Bringing All the Data Together:
The code combines all the different datasets (S&P 500, unemployment, CPI, Treasury yields, and participation rate) into one big table where each row is a specific date.
It also removes any rows with missing data, so every date has complete information for all indicators.
Combining the data lets us compare everything at once to see if, for example, stock market trends match up with unemployment changes.
Analyzing the COVID-19 Impact:
The code looks specifically at how the unemployment rate and participation rate changed during COVID-19 (focusing on 2020-2021).
It filters the data to show just before COVID and during the pandemic:
Graphing Unemployment & Participation Rates: Creates focused graphs on unemployment and participation rates, highlighting the COVID period.
Observing Trends:
Unemployment Spike: Shows a large jump in unemployment at the start of COVID, reflecting job loss or temporary layoffs.
Participation Rate Drop: Highlights how fewer people were either working or looking for work, likely due to health risks, caregiving, or other pandemic-related reasons.
Final Comparison and COVID Impact Summary:
After combining everything, the code creates a set of comparison graphs showing how different economic factors relate, both over the long term and specifically during COVID-19.

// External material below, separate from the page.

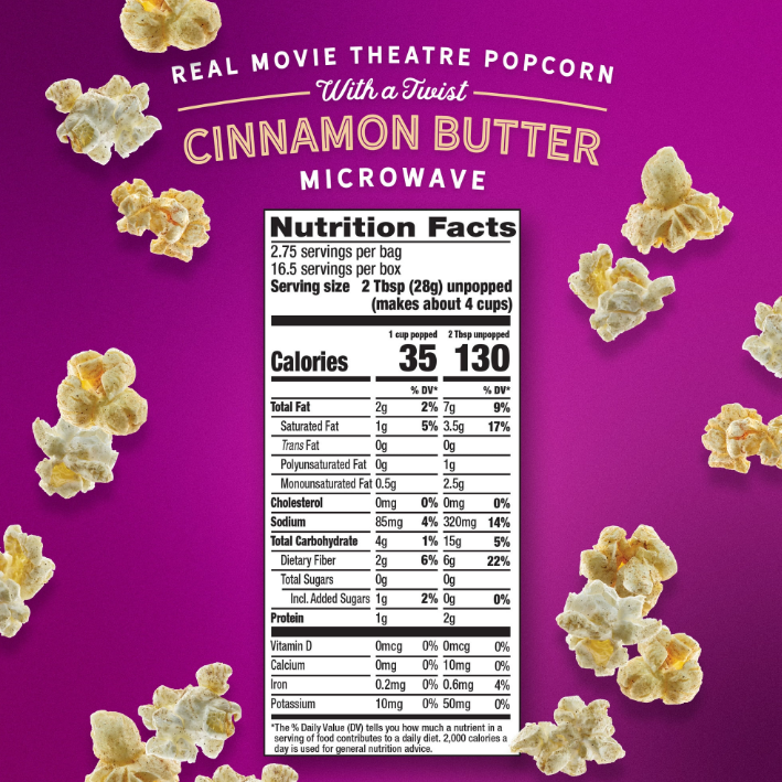 Contains (6) 2.75 oz. bags of AMC Theatres Microwave Popcorn, Cinnamon Butter

This lets us see things like:
Participation & Stock Market: How workforce engagement may have affected economic stability.
COVID’s Unique Impact: By looking at the sudden rise in unemployment and drop in participation, we can better understand how the pandemic disrupted the economy.
The final graphs give a comprehensive view, showing both normal economic patterns and COVID-19’s unusual effects on the workforce and economy.